>>>>
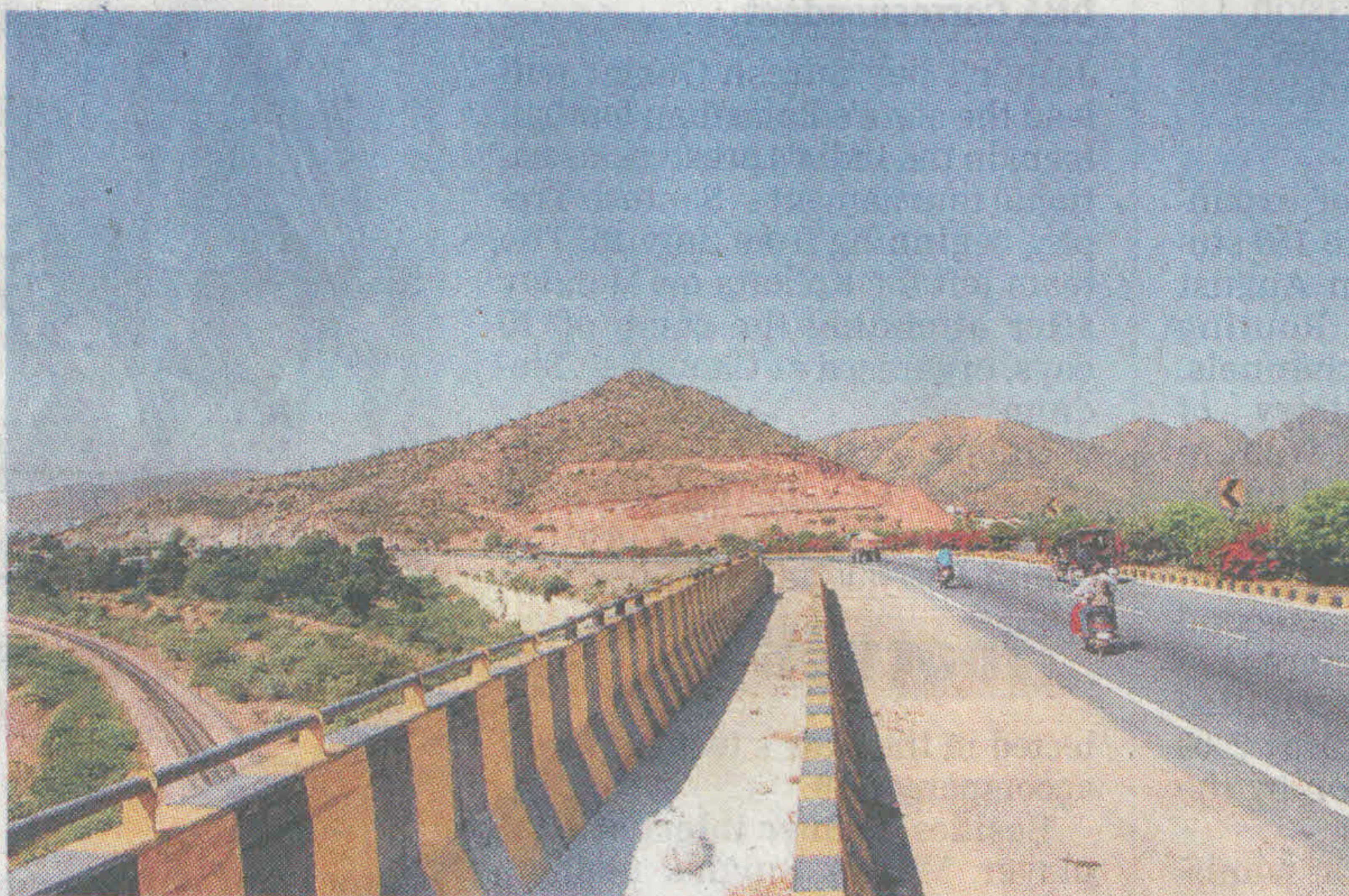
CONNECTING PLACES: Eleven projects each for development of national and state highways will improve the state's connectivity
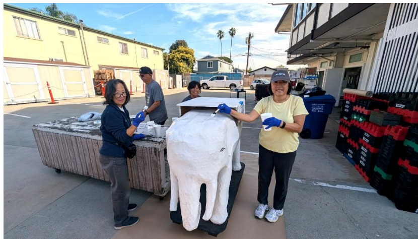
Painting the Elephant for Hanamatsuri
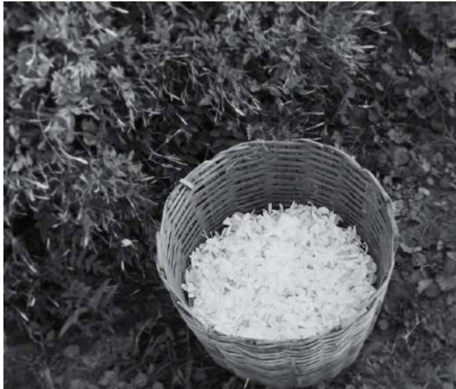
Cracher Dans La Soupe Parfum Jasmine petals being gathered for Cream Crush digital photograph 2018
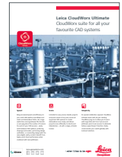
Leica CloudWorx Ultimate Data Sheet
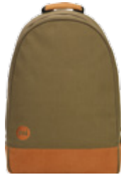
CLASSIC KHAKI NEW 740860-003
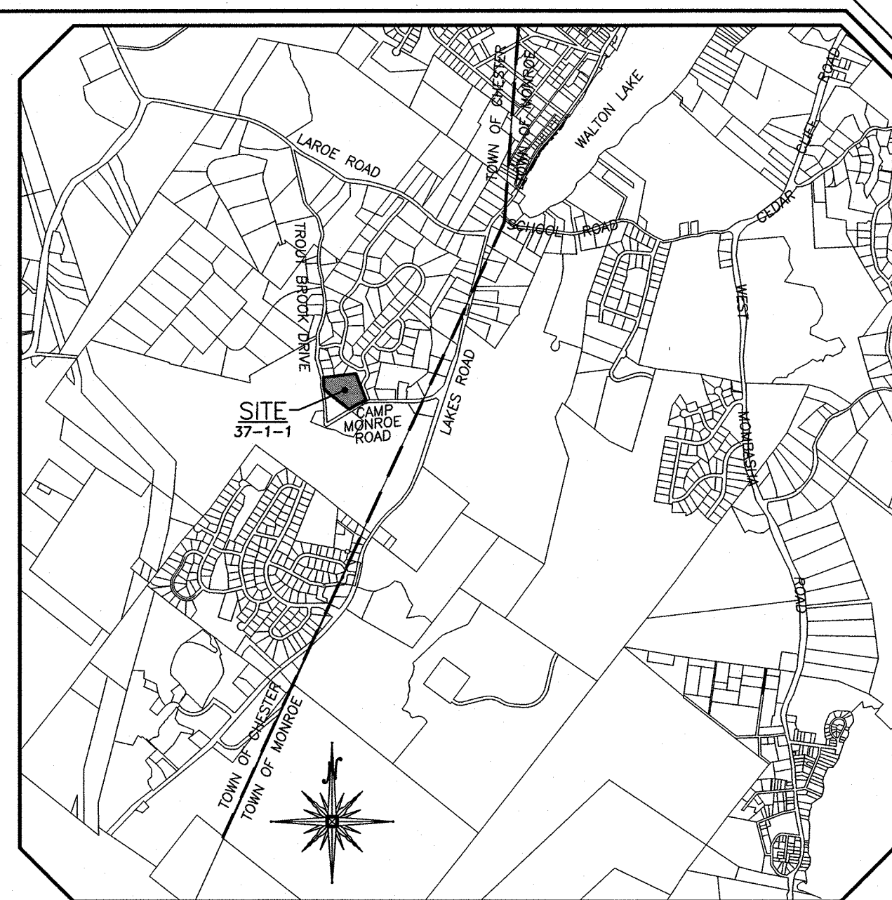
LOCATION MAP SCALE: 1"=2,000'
<<<<
### TASK DIRECTIONS
Return nothing except the lines from the line with "Cracher Dans La" through the last line of the records above, copied exactly and without pictures.

### WRITTEN SOLUTION
Cracher Dans La Soupe Parfum Jasmine petals being gathered for Cream Crush digital photograph 2018
Leica CloudWorx Ultimate Data Sheet
CLASSIC KHAKI NEW 740860-003
LOCATION MAP SCALE: 1"=2,000'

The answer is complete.